AbstractThe diversity and sheer increase in the number of connected Internet of Things (IoT) devices have brought significant concerns associated with storing and protecting a large volume of IoT data. Storage volume requirements and computational costs are continuously rising in the conventional cloud-centric IoT structures. Besides, dependencies of the centralized server solution impose significant trust issues and make it vulnerable to security risks. In this paper, a layer-based distributed data storage design and implementation of a blockchain-enabled large-scale IoT system are proposed. It has been developed to mitigate the above-mentioned challenges by using the Hyperledger Fabric (HLF) platform for distributed ledger solutions. The need for a centralized server and a third-party auditor was eliminated by leveraging HLF peers performing transaction verifications and records audits in a big data system with the help of blockchain technology.

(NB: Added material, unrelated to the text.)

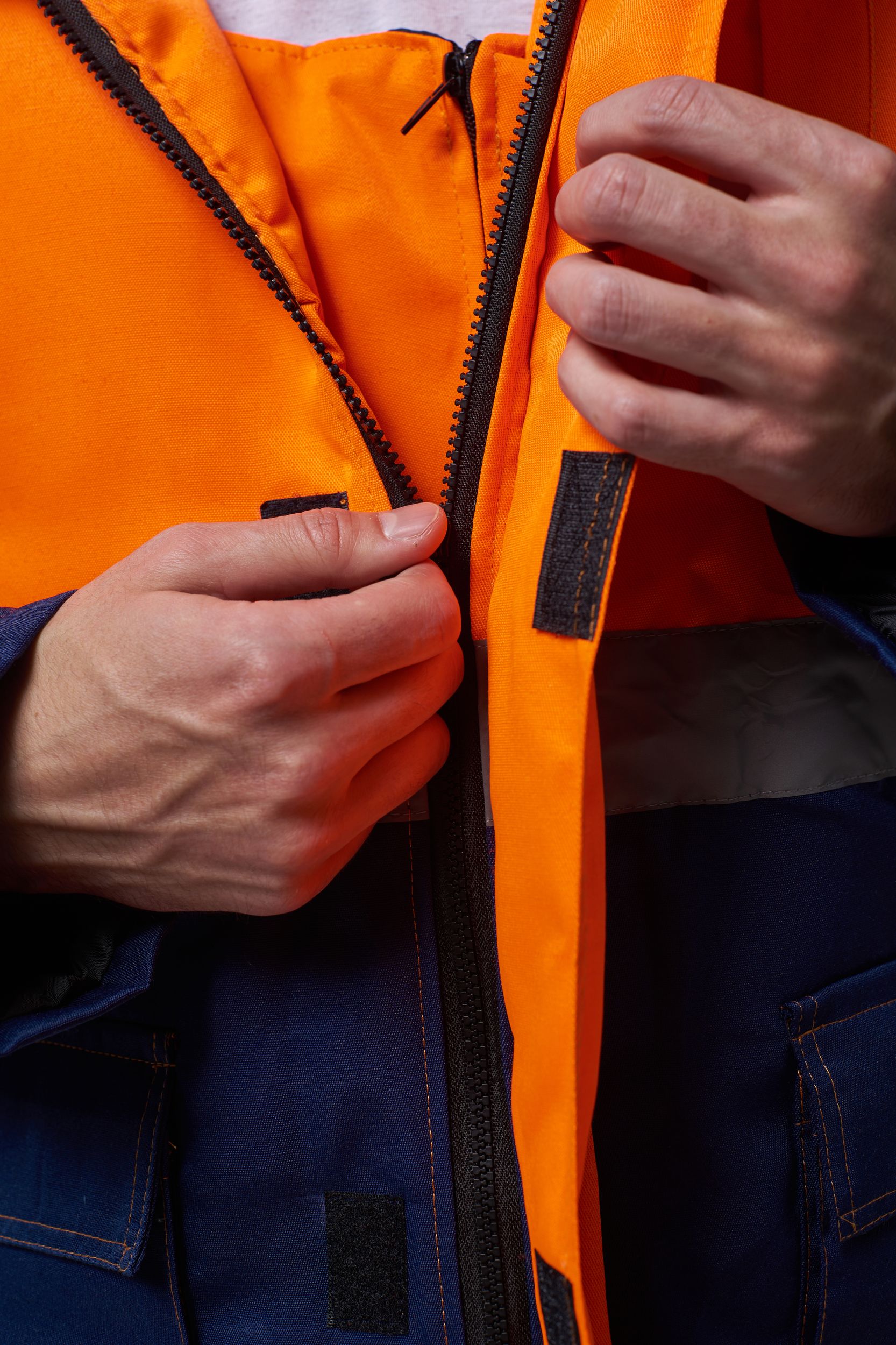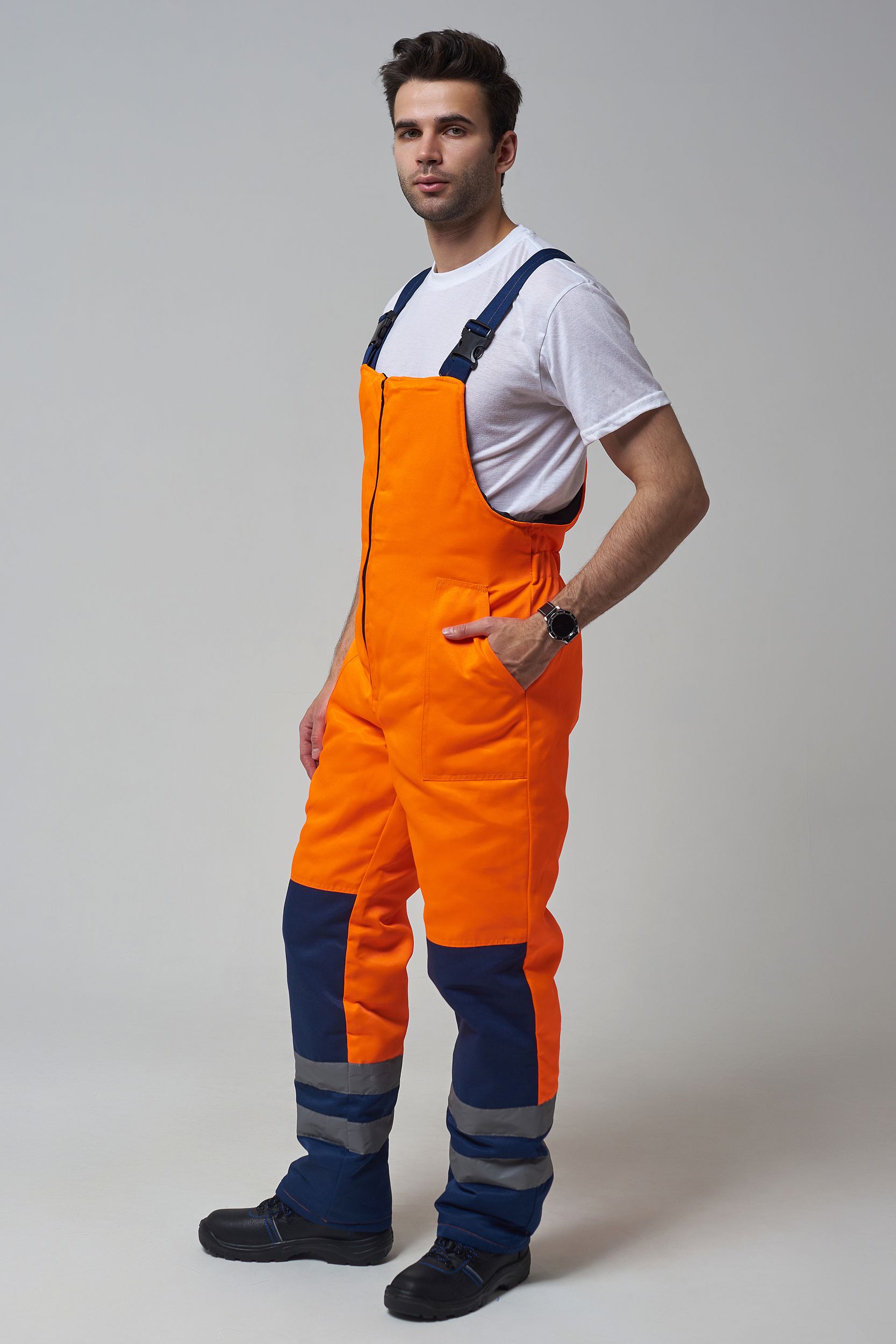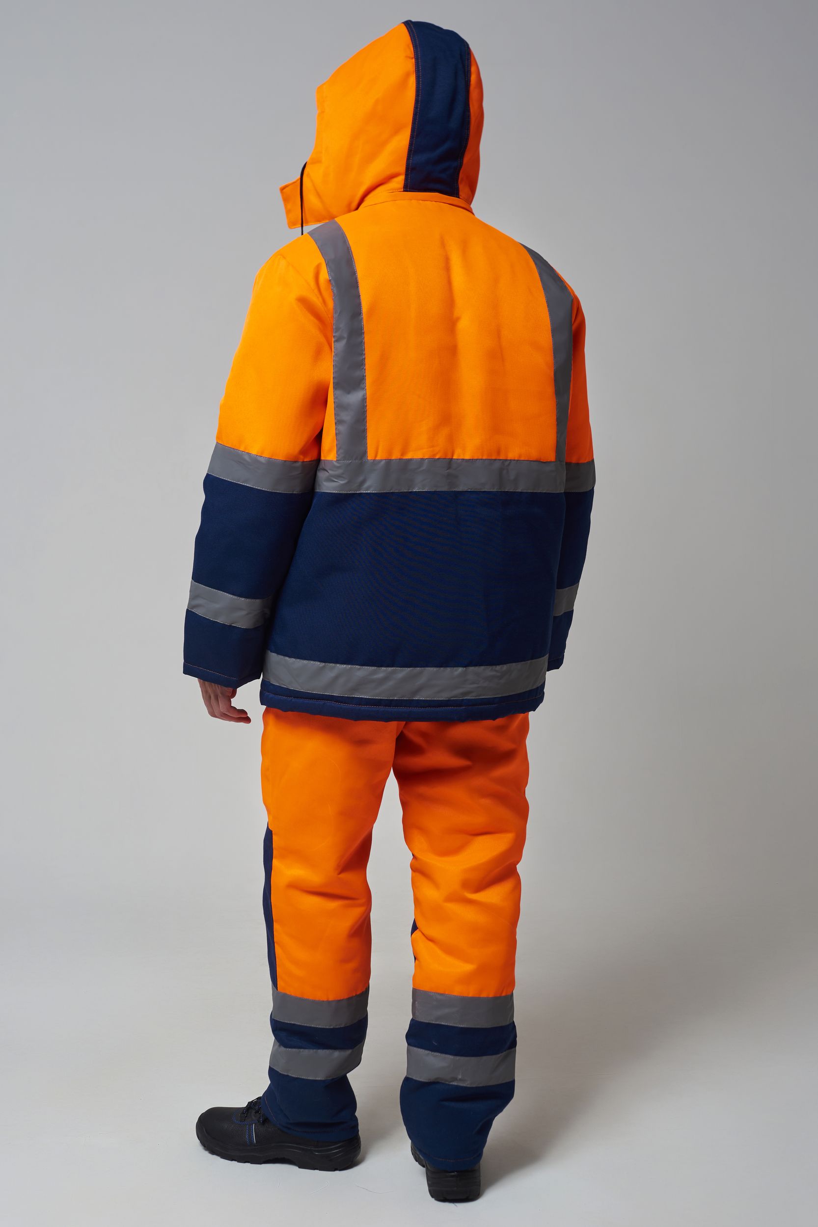 Костюм состоит из куртки и полукомбинезона. Куртка с застежкой на молнию и ветрозащитным клапаном застегивающимся на контактную ленту с нагрудным прорезным карманом и двумя боковыми накладными карманами с клапанами. Регулировка по талии с помощью кулисы воротник стойка с флисовой подкладкой и утеплённый капюшон, регулирующийся по объему. Полукомбинезон с застежкой на молнию. Рукава с внутренними трикотажными манжетами. В области коленей - усилительные накладки. Яркая сигнальная ткань оранжевого цвета в сочетании со светоотражающими полосами обеспечивают высокий уровень безопасности проведения дорожных работ.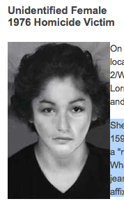 In 1976, the battered body of a young woman was found in the woods of Baltimore near a cemetery. Police still donât know who the woman was, but have always surmised that she was from the Boston area.

The HLF blockchain facilitates storing the lightweight verification tags on the blockchain ledger. In contrast, the actual metadata are stored in the off-chain big data system to reduce the communication overheads and enhance data integrity. Additionally, a prototype has been implemented on embedded hardware showing the feasibility of deploying the proposed solution in IoT edge computing and big data ecosystems. Finally, experiments have been conducted to evaluate the performance of the proposed scheme in terms of its throughput, latency, communication, and computation costs. The obtained results have indicated the feasibility of the proposed solution to retrieve and store the provenance of large-scale IoT data within the Big Data ecosystem using the HLF blockchain. The experimental results show the throughput of about 600 transactions, 500 ms average response time, about 2–3% of the CPU consumption at the peer process and approximately 10–20% at the client node. The minimum latency remained below 1 s however, there is an increase in the maximum latency when the sending rate reached around 200 transactions per second (TPS).


2018 ◽  
Vol 219 ◽  
pp. 05004 ◽  
Author(s):  
Konrad Miśkiewicz ◽  
Robert Banasiak ◽  
Maciej Niedostatkiewicz ◽  
Krzysztof Grudzień ◽  
Laurent Babout

Discrete Element Method (DEM) is one of available numerical methods to compute movement of particles in large scale simulations. The method has been frequently applied to simulate the cases of grain or bulk material as the major research issue. The paper describes a new method of generating high dense packing with mixed material of two different shape used in DEM simulation. The initial packing is an important parameter to control, because have influence on the first few seconds after start the simulation. Some-times when the material in silo is arranged with loose packing before the start, the particles move downward gravity. These changes between the start and the first few seconds in simulations act strongly on the results at the end of a discharging process in silo. At the initial simulation time it is important to prepare proper packing with mixed material, in order to make sure that the particles will not move due to gravity action. This solution is a necessary step to integrate in the simulation procedure in order to compare later the computer simulation with experimental measurements of material discharge in a silo.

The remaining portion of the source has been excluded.